Comencé un diario, en sus páginas, ahora que lo visito para escribir esto, noto que mis observaciones van de lo mismo al centro y de regreso. Como dije, soy una persona incesante por simple, quizá demasiado simple. Por ejemplo, mi fascinación con las piedras y sus grandes viajes. He tenido a veces la paciencia de verlas ir de un horizonte a otro, emocionarme, pero de verdad emocionarme por sus pugnas tempranas y oscilantes entre el verdor y el oro. En otros días, mi obsesión se vio inclinada a describir rutinas terrestres y áreas de los pájaros, aunque fijándome bien, las descripciones están más preocupadas por hablar sobre las personas que alimentan a esos pájaros. Gente contemplativa avienta migajas, sabiendo cosas que yo no sé. En otras, me dediqué a la bitácora de los pescadores y su tiempo anterior al anzuelo. Y en algunas más, al regocijo de los niños cubiertos de lodo y su inquietante urgencia por preguntar sin realmente querer una respuesta. De todo esto, envidio, claro, el no ambicionar ninguna respuesta.

No sé, para serte honesto, o más bien, para distraídamente consolarme, si esta carta pretende narrar mis días y sus periferias solo por el puro placer de volverme un otro mientras lo cuento, o si en realidad estoy llegando al sitio más adecuado para saberme el hueso, su cadencia, su baile y por lo tanto, la música.

Extraño ríos que nunca he visitado. Y en cuanto me desprendo de la idea de lo que nunca, salgo, es la tarde, lo definitivo de los días y ni siquiera trato de escribir o decir algo, tan solo estoy ahí, parado en el centro de lo que he aprendido a llamar como mi vida, y conmovido por el ansia de los colores que me enseñaron desde niño, creo en nosotros.

Hoy que decidí escribir esto, déjame te cuento que ha pasado. Bajé de un avión. Pedí un taxi. En el trayecto de mi casa a mi casa, la conductora me platicó de otro pasajero. Un hombre alto y ocupado que viajaba a Londres. Señaló bastantes veces su maletín de señor apurado. Yo sólo respondí que nunca había estado en Londres y de ahí empezamos a hablar de los lugares a los que nunca. Ves, de nuevo los ríos. Continúo diciéndome algo de visitar Medellín, las carreteras nocturnas y los borrachos de viernes.

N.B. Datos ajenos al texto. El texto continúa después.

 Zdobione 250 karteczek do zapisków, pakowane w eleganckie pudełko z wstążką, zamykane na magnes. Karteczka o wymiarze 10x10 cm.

Cuando me preguntó que de dónde había bajado, por tonto que parezca, no supe qué responder. Me hubiera gustado decirle, fíjate que fui a visitar mi otra vida, sus calles, sus plazas, la prisa y la lentitud de sus personas, la manera que tienen para perder el tiempo, la manera que tienen para fingir que no pierden el tiempo. Su amor, las uñas y los baños.

Casi al finalizar el viaje me contó que estaba embarazada, que ayer o antier lo supo. Le dije felicidades casi en automático, y al bajarme la volví a felicitar. Al cerrar la puerta y ver cómo su auto se retiraba, solo me quedé pensando que hay muy pocas ocasiones en las que uno realmente sabe qué decir. Como estos párrafos, claro está.

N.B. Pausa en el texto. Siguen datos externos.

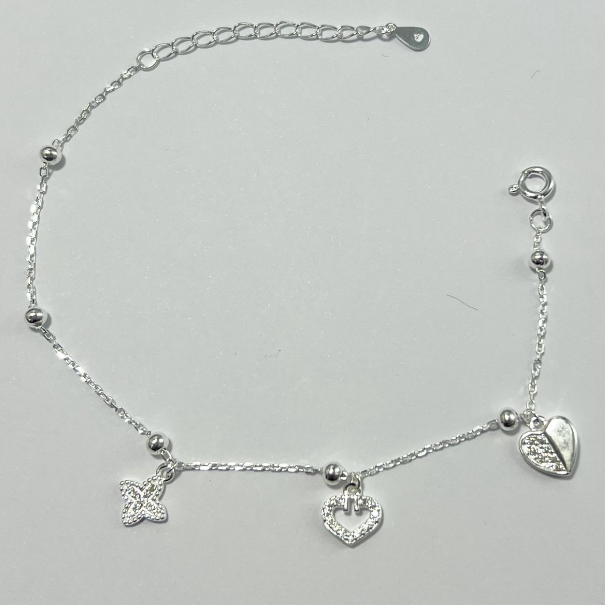 PULSERA EN PLATA CON DIJES DE CORAZÓN Y MARIPOSAS

Ahora ya se está haciendo de noche. El aire, a pesar de que corre con más frecuencia que hace unas horas, entra asfixiado. No me puedo responder qué tanto el desierto o el mar y, sin embargo, sé que lo que sea que se guarda en medio, es, sin dudarlo, la imagen más imprecisa, pero al fin la única, que me puede decir qué contengo yo en el pecho.

No sé si me estoy despidiendo o saludando. En cualquier caso, esta carta no tiene fecha. Yo tampoco.